The Simpson’s paradox it is a statistical phenomenon due to one imbalance in the available datain which the trends that can be inferred from a group of data are in contrast with the trends extracted from one or more subgroups of the same data set. It may happen, for example, that a result which seems obvious, becomes inconsistent when we consider all the data at our disposal, that is, when we know all the variables involved. Indeed, it may happen that a result come to reverse when we separate the data into subgroups. This is very important for example in medical field when you want to study the effectiveness of drugs in a given population.
What is Simpson’s paradox
The Simpson’s paradox it is a counterintuitive statistical phenomenon – a paradox, in fact – in which a trend or a result that emerges from data, it becomes different when the data itself is split into subgroups, that is, when the population on which the statistics are made is divided according to a specific variable. To be clear, this can mean that the statistics over time of the average height of Italians can have a different result if we consider all Italians as a whole, or separately women and men, or young and old
This means that a overall resultso in our case on all Italians, it can be contradicted come on “local” resultsthat is, observed in small groups, such as men and women. This happens due to the influence of external factorssuch as the size of the subgroups, which alter the results.

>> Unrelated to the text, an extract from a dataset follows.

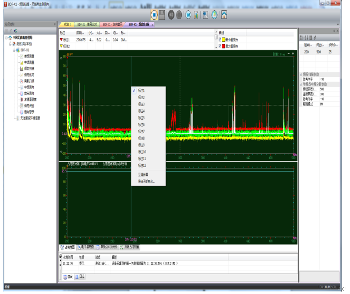 用户可以选择显示最小值、最大值、实时值、平均值,不明台、合法不明台、频率库分配、Peak门限、自动标记

This paradox gets its name from Edward Hugh Simpson, statistical and former Bletchley Park cryptanalyst, who described it in a 1951 article, “The Interpretation of Interaction in Contingency Tables”.
But let’s explain it better with an example.
When the result reverses: an example of Simpson’s paradox
Let’s imagine we want to understand whether, to lose weight, it is better to eat only Brussels sprouts or tiramisu. To do this, we involve you in our study 100 people let them just eat sprouts Brussels for a week and others 100 let them just eat tiramisu. At the end of the week we ask all participants to measure their weight and let’s see what happens 75 people out of 100, that is, 75% of people who ate alone sprouts, they lost weight at the end of the week, while those who ate alone tiramisu, well 80 people out of 100, so 80%, have lost weight.
If we stopped here, we would only notice that 80% of those who ate tiramisu lost weight, compared to 75% of those who ate sprouts. We could therefore state with great joy that eating tiramisu makes you lose weight to people more than eating Brussels sprouts and we could continue peacefully with our lives.
Clearly, even though we would like it to be true, the situation it’s good different. Indeed, in our analysis we have not consideredfor example, the sex of the participants.
Introduce confounding variables and stratify the data
In our imaginary study to decide the best diet we involved 100 people for one diet and 100 for the other. However, we did not pay too much attention to biological sex of the participants and we therefore involved 70 men And 30 women to eat sprouts and 90 men And 10 women to eat tiramisu.
If we now look at the separate results for men and women (in technical terms it is said “stratify”), we observe that:
- between women who ate tiramisu, 3 out of 10 (30%) lost weight, while among those who ate sprouts this happened for 14 out of 30 (46.6%);
- among them men who ate tiramisu, 77 out of 90 (85.5%) lost weight, while among those who ate sprouts this happened for 61 out of 70 (87.1%).
In both cases, we see that the percentages of people who lose weight increase if they eat sproutsgoing from 30% to 46.6% for women and from 85.5% to 87.1% for men. This, however, seems like it contradict the results globally, that is, general regardless of gender, where we had seen that it was better to eat tiramisu. In other words, dividing the sample based on sex seems to reverse the result obtained for the entire sample. This is precisely Simpson’s paradox: a trend (better sprouts than tiramisu for both men and women) visible within each subgroup of data disappears if I combine and aggregate all the data together (80% tiramisu VS 75% sprouts ).
But why does such a statistical phenomenon happen?
How does this happen and where does Simpson’s paradox lie?
In this case men and women (our confounding factor) they were not balanced within the two groups. If a subgroup has a much higher (or lower) number of observations than the others, the overall result can be dominated by this imbalance, altering the average or the general trend.
This paradox is often found in statistical analyses social and medical sciences and it can create big problems, especially if they are interpreted correlations as if they were causal relationships. For example, moles clinical trials for new drugs, it may happen that one drug appears more effective than another when the data are aggregated, but once separated by groups (such as age or severity of the disease), the result is reversed, as in a very famous case of treatment of kidney stones. The same happened no later than 2021 with i vaccines against COVID-19 in England: considering separately the age groupsit clearly emerged that the rate of mortality among the unvaccinated it was much higher than among the vaccinated for both people under 50 and over. However, considering the entire population, the mortality rate appeared paradoxically lower among the unvaccinated. This is because there was a higher vaccination rate among the elderly, who still have a higher mortality risk.
Be aware of Simpson’s paradox it is therefore fundamental to interpret the data correctly and avoid errors of evaluation.